Mississippi teachers are invited to attend a full day of presentations and workshops on “Turn-of-the-Century Mississippi” on November 7, 2014 sponsored by the Mississippi Department of Archives and History (MDAH). The conference announcement explains that,
The coming of the twentieth century saw great changes throughout the state—social, economic, and industrial. Mississippi’s constitution was rewritten and adopted in 1890 to codify the privileges of white men and institutionalize the impediments to women and African American citizens. The United States and Mississippi were drawn into a world war. Natural disaster ravaged the fertile Delta counties.

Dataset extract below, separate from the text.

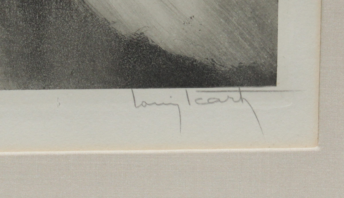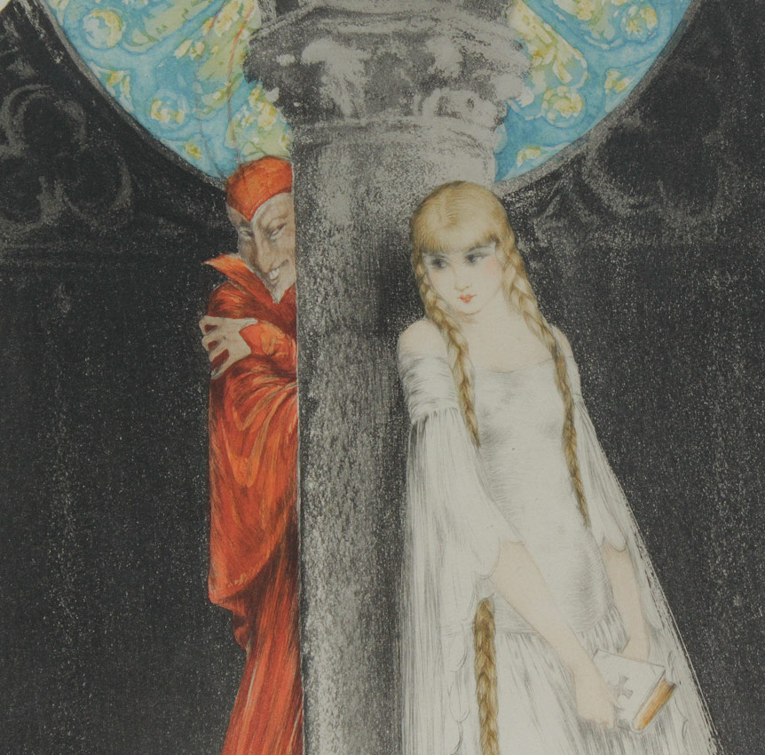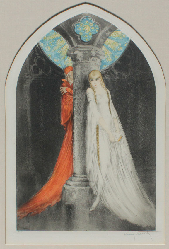 LOUIS ICART ETCHING ''FAUST'' PUBLISHED IN 1928 BY GRAVUEURS MODERNES: Sight size 23'' x 15'', pencil signed lower right, wind mill stamp lower left, marked in pencil E. 159, copyrighted information in upper right margin, encased in contemporary chrome frame 30 1/4'' x 21''.

And a new, native art form was born in the blues.

The sessions include:
- Political analyst Jere Nash, “The 1890 Constitution and the Rise of Jim Crow Mississippi”
- Mississippi Armed Forces Museum director Chad Daniels, “Mississippi in WWI”

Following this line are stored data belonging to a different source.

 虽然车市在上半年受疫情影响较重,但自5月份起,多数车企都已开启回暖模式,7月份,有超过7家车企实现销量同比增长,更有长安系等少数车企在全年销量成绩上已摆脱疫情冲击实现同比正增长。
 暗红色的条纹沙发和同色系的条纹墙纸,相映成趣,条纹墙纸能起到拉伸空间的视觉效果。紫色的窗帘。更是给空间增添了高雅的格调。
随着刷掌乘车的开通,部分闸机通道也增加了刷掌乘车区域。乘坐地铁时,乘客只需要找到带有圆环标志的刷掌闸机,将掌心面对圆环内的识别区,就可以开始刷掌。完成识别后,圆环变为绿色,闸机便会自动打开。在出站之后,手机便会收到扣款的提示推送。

- University of Southern Mississippi associate professor Pamela Tyler, “Woman Suffrage in Mississippi”
- MDAH outreach programs coordinator Claire Gwaltney, “1927 Mississippi Flood Lesson”
- Mississippi Arts Commission arts education director Charlotte Smelser, “Blues in Mississippi Curriculum”

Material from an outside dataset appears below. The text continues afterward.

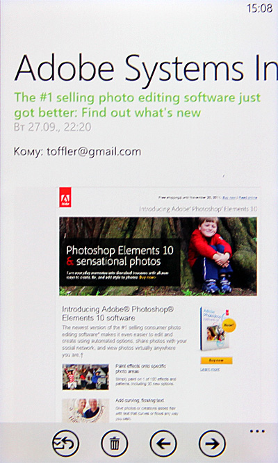 Одно тут плохо: при отправке изображения вместе с письмом оно автоматически сжимается до размера 640х480 пикселов, что на самом деле явно маловато. В той же iOS при отправке изображения вы можете выбрать между тремя размерами, включая оригинальный. Здесь такого, к сожалению, нет.
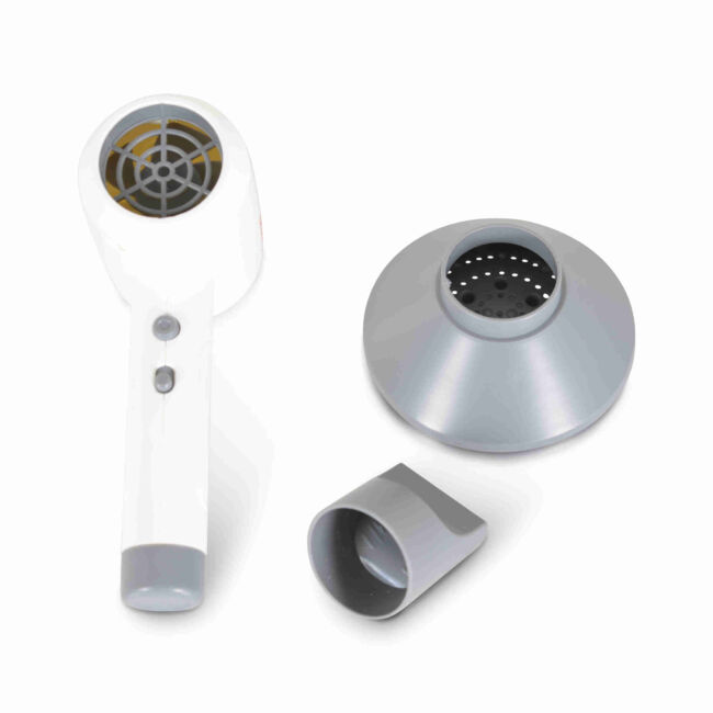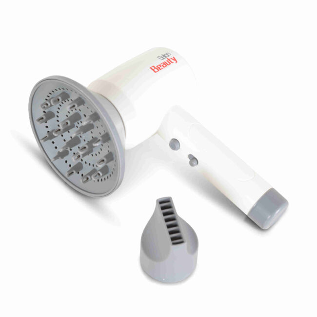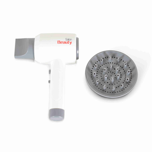 - Включени аксесоари: Електроуред Играчка Сешоар F2313 идва с два различни накрайника, които позволяват на децата да експериментират с различни стилове на „сушене“ на косата.

- State Capitol curator Brenda Davis, “Mississippi’s State Capitol”
- MDAH reference librarian De’Niecechsi Layton, “Genealogy in the Classroom”
- University of Southern Mississippi associate professor Deanne Nuwer, “Watering Places along the Mississippi Gulf Coast: The Roaring 1920s”
The event will be held at the Old Capitol Museum in Jackson.
The workshop is sponsored by Mississippi Department of Archives and History in conjunction with the Mississippi College School of Continuing Education, Mississippi Department of Education, and Mississippi Historical Society.